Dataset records

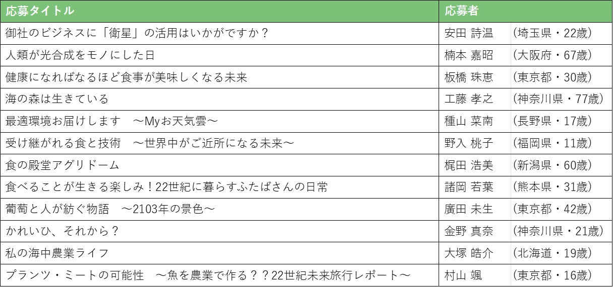 応募総数は1,076件!受賞ノミネート作品12件を選出!第二回『未来エッセイ2101』 ~22世紀の食や農業の未来を思い描くエッセイコンテスト~
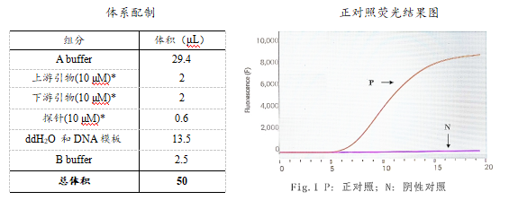 *正對照反應單元體系配制:正對照模板加入2μL,加入4.6 μL正對照引物探針Mix(已包含探針和上/下游引物),其他組分參照體系配制。
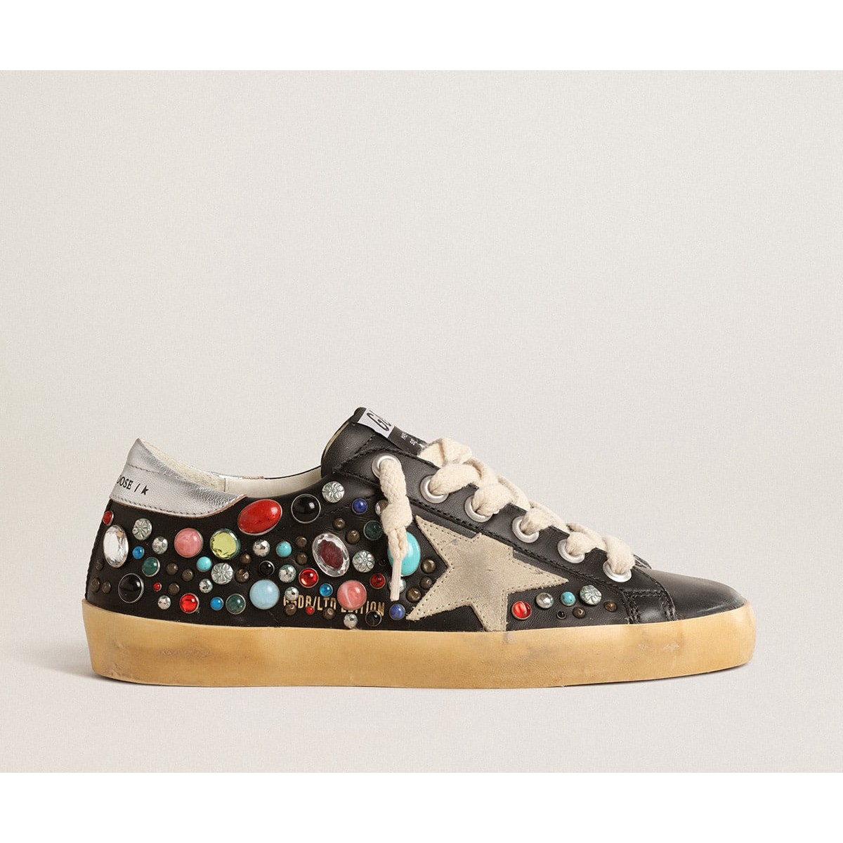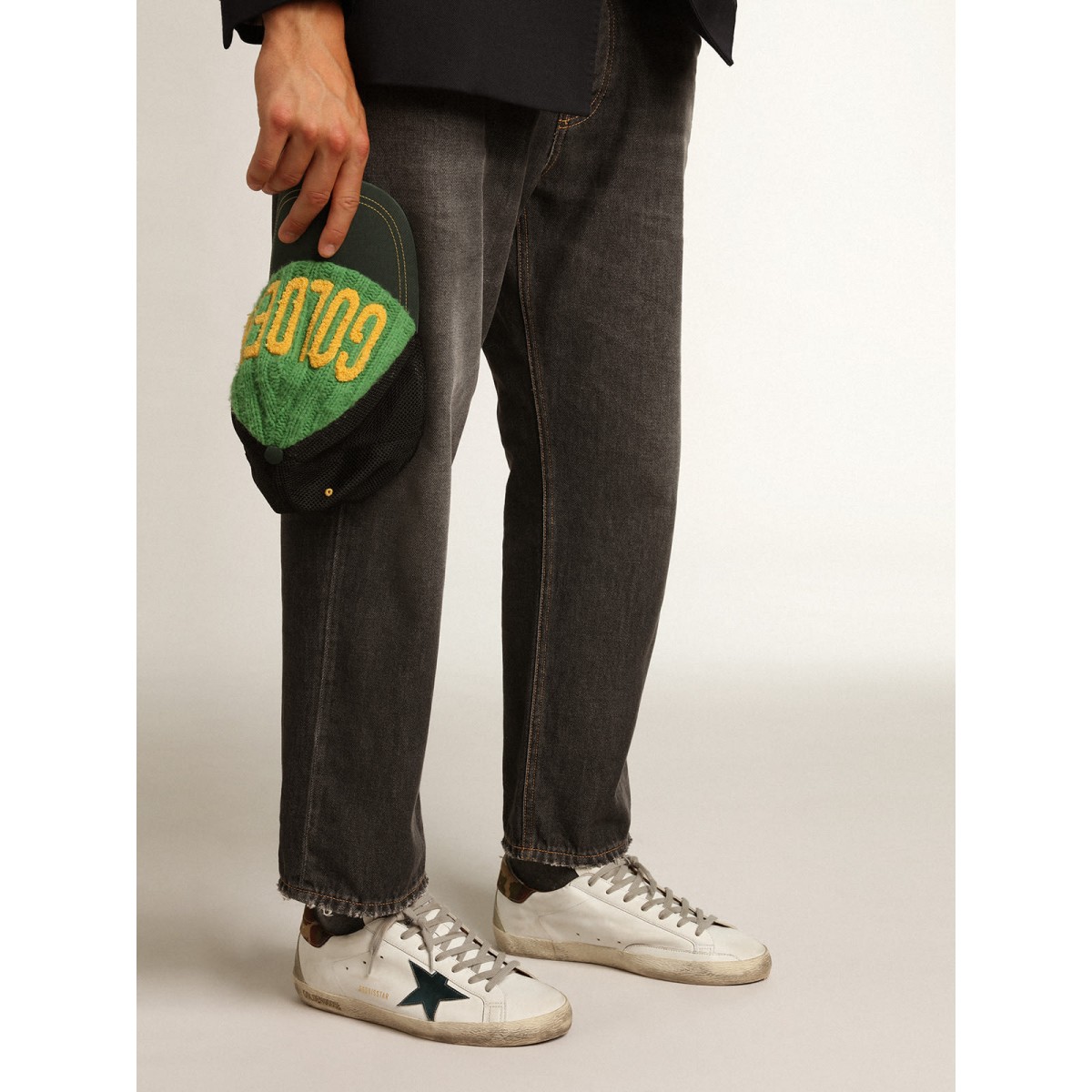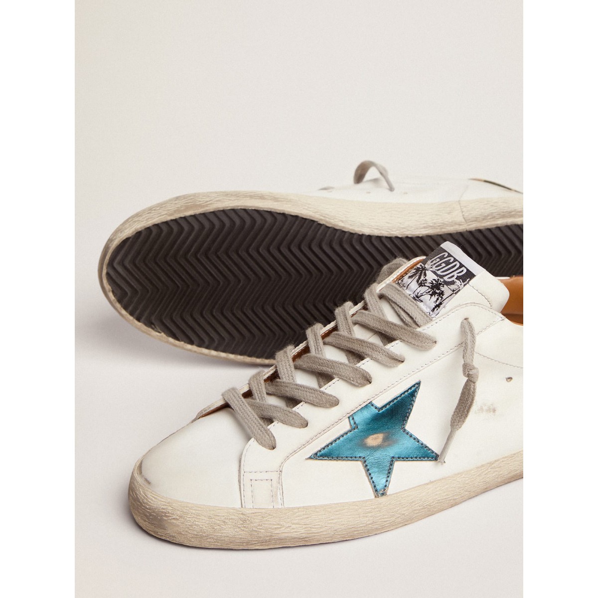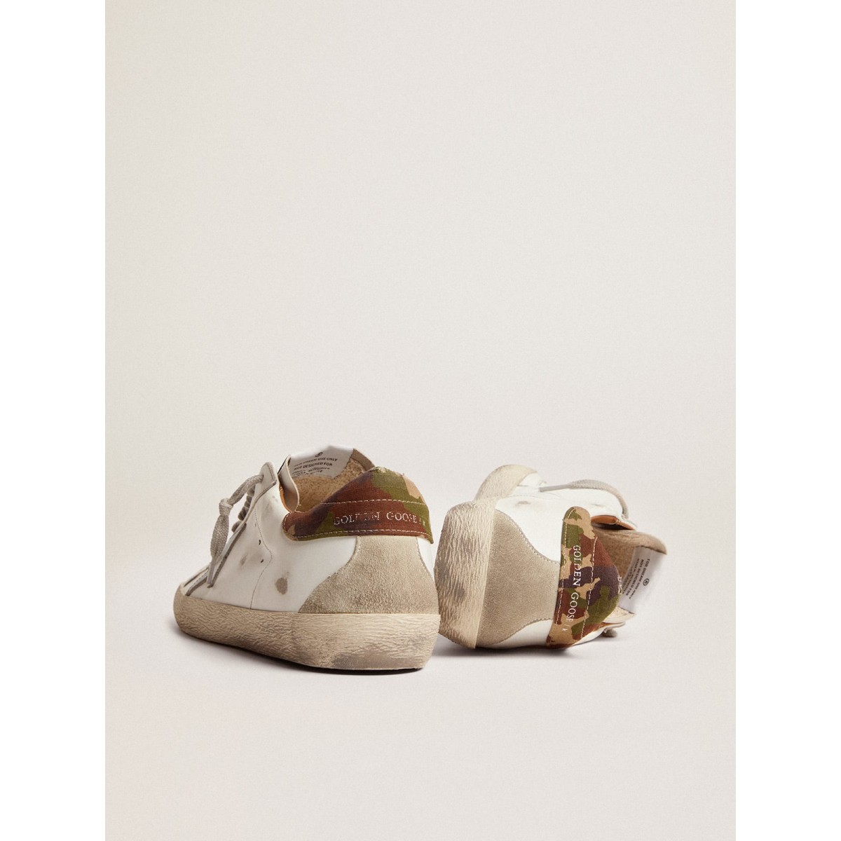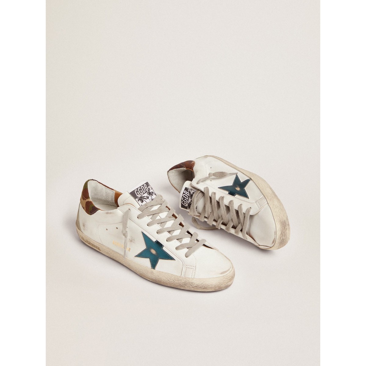 Un’icona senza tempo eppure è in continua evoluzione. A Golden, adoriamo prendere i nostri classici e rielaborarli sempre, sempre da una nuova prospettiva. Queste scarpe da ginnastica super star con una tomaia in pelle bianca presentano una stella in pelle metallica blu a benzina e una linguetta del tallone in tessuto ripstop con stampa mimetica in sfumature di verde. L’inserto in pelle scamosciata sul retro e sui lacci, entrambi grigio ghiaccio, aggiungi il tocco finale.
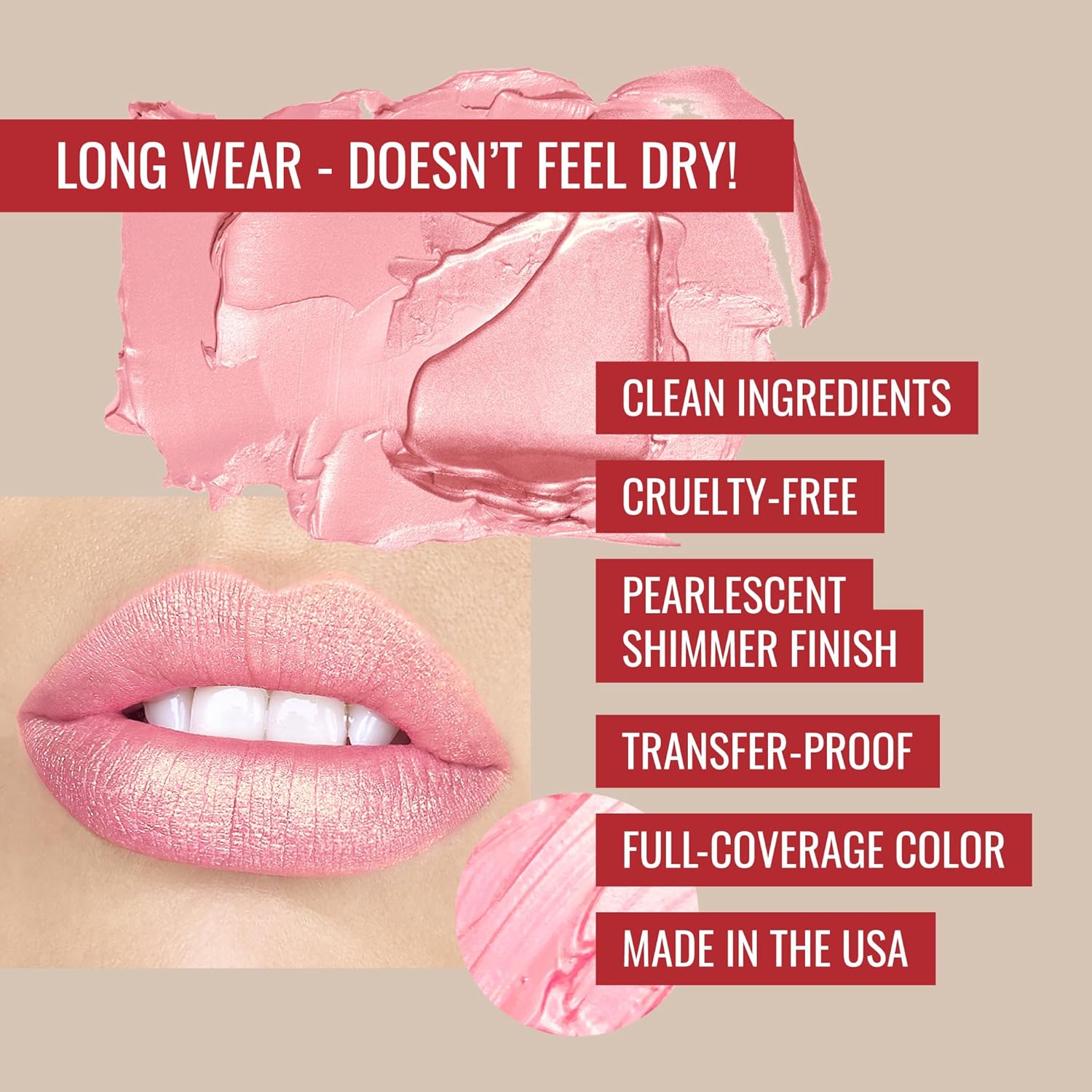 LASTING & TRANSFER-PROOF: After it sets, this light-pink liquid lipstick is ready to stay put. Get pro full-coverage color without worrying that your pearlescent lipstick will transfer to your coffee cup. Oil-based foods or lip toppers may affect the long wear.
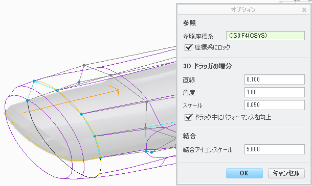 Creo と Pro/ENGINEER のスタイルフィーチャーのサーフェス接続矢印が小さくて見えにくいので大きくしたい。スタイルのプリファレンスから [結合アイコンスケール] の数値を大きくすると矢印が大きくできますが次回起動時に初期値に戻ってしまいます。
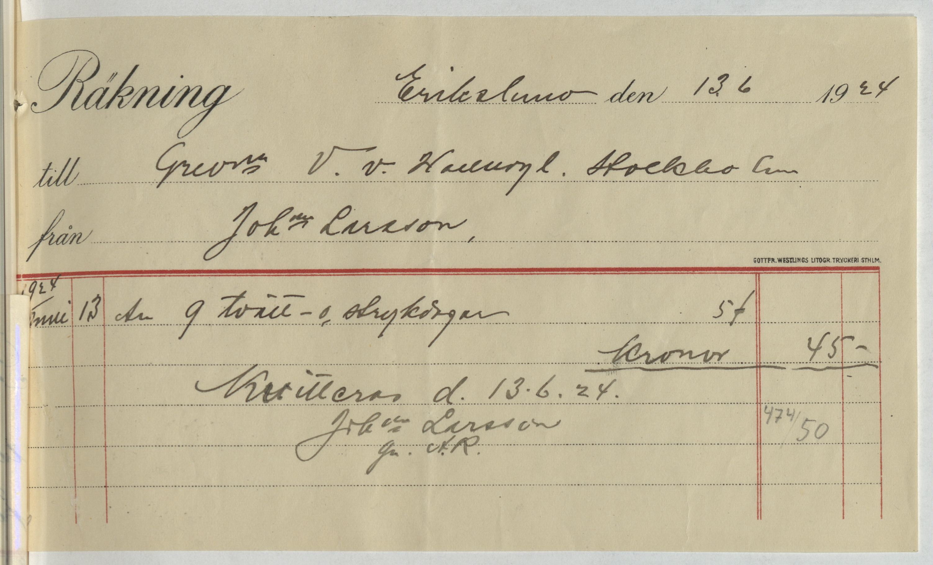 Kvitto från Johanna Larsson i Erikslund. Gällande 9 tvätt- och strykdagar. Erikslund, 1924.
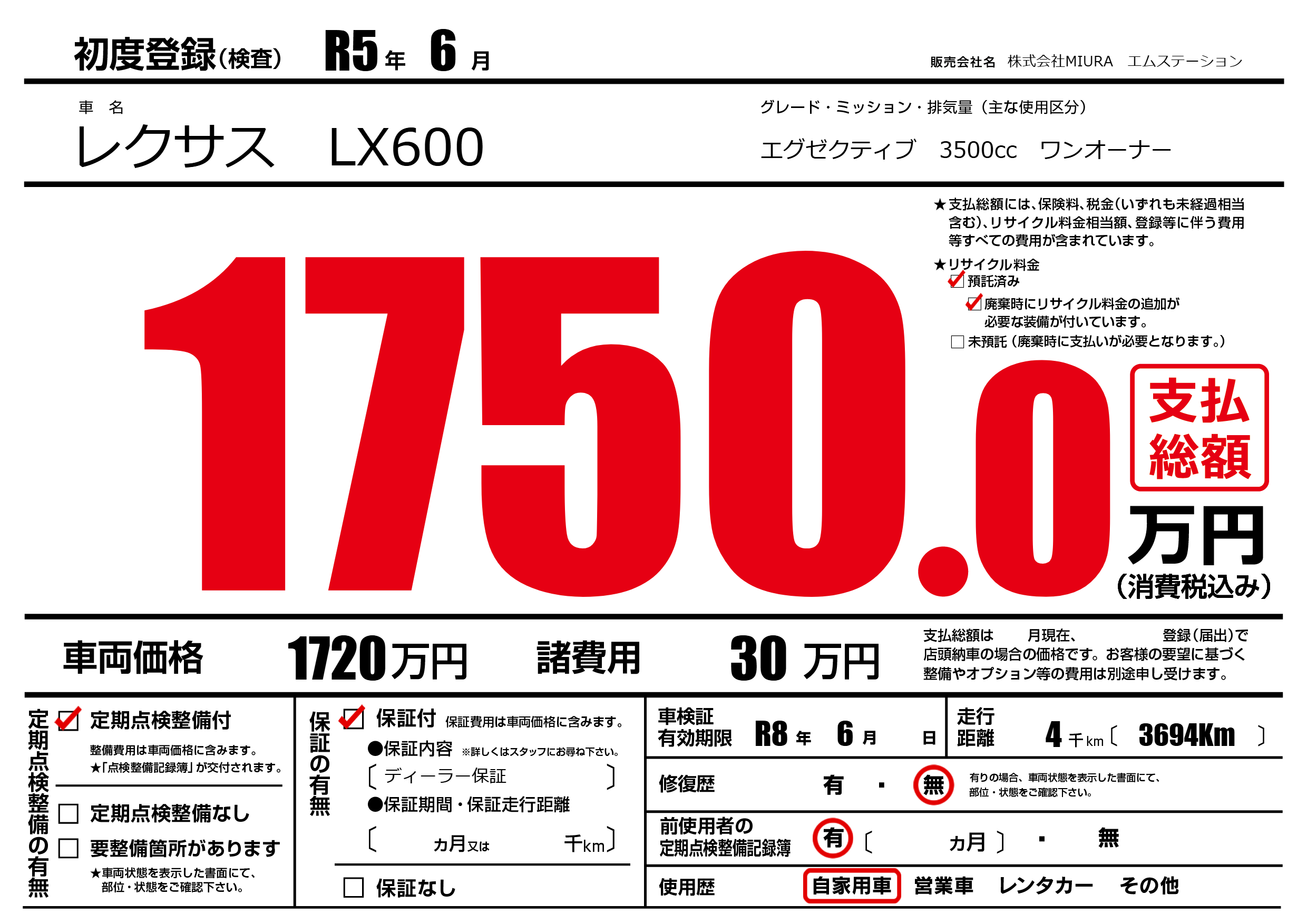 なし | 車検制限 | R8年6月---月 |

## [Aim of the task]
Your task is to return the lines above, from the first one up to and including the line containing "Creo と Pro/ENGINEER", minus any pictures.

## [Answer box]
 応募総数は1,076件!受賞ノミネート作品12件を選出!第二回『未来エッセイ2101』 ~22世紀の食や農業の未来を思い描くエッセイコンテスト~
 *正對照反應單元體系配制:正對照模板加入2μL,加入4.6 μL正對照引物探針Mix(已包含探針和上/下游引物),其他組分參照體系配制。
 Un’icona senza tempo eppure è in continua evoluzione. A Golden, adoriamo prendere i nostri classici e rielaborarli sempre, sempre da una nuova prospettiva. Queste scarpe da ginnastica super star con una tomaia in pelle bianca presentano una stella in pelle metallica blu a benzina e una linguetta del tallone in tessuto ripstop con stampa mimetica in sfumature di verde. L’inserto in pelle scamosciata sul retro e sui lacci, entrambi grigio ghiaccio, aggiungi il tocco finale.
 LASTING & TRANSFER-PROOF: After it sets, this light-pink liquid lipstick is ready to stay put. Get pro full-coverage color without worrying that your pearlescent lipstick will transfer to your coffee cup. Oil-based foods or lip toppers may affect the long wear.
 Creo と Pro/ENGINEER のスタイルフィーチャーのサーフェス接続矢印が小さくて見えにくいので大きくしたい。スタイルのプリファレンスから [結合アイコンスケール] の数値を大きくすると矢印が大きくできますが次回起動時に初期値に戻ってしまいます。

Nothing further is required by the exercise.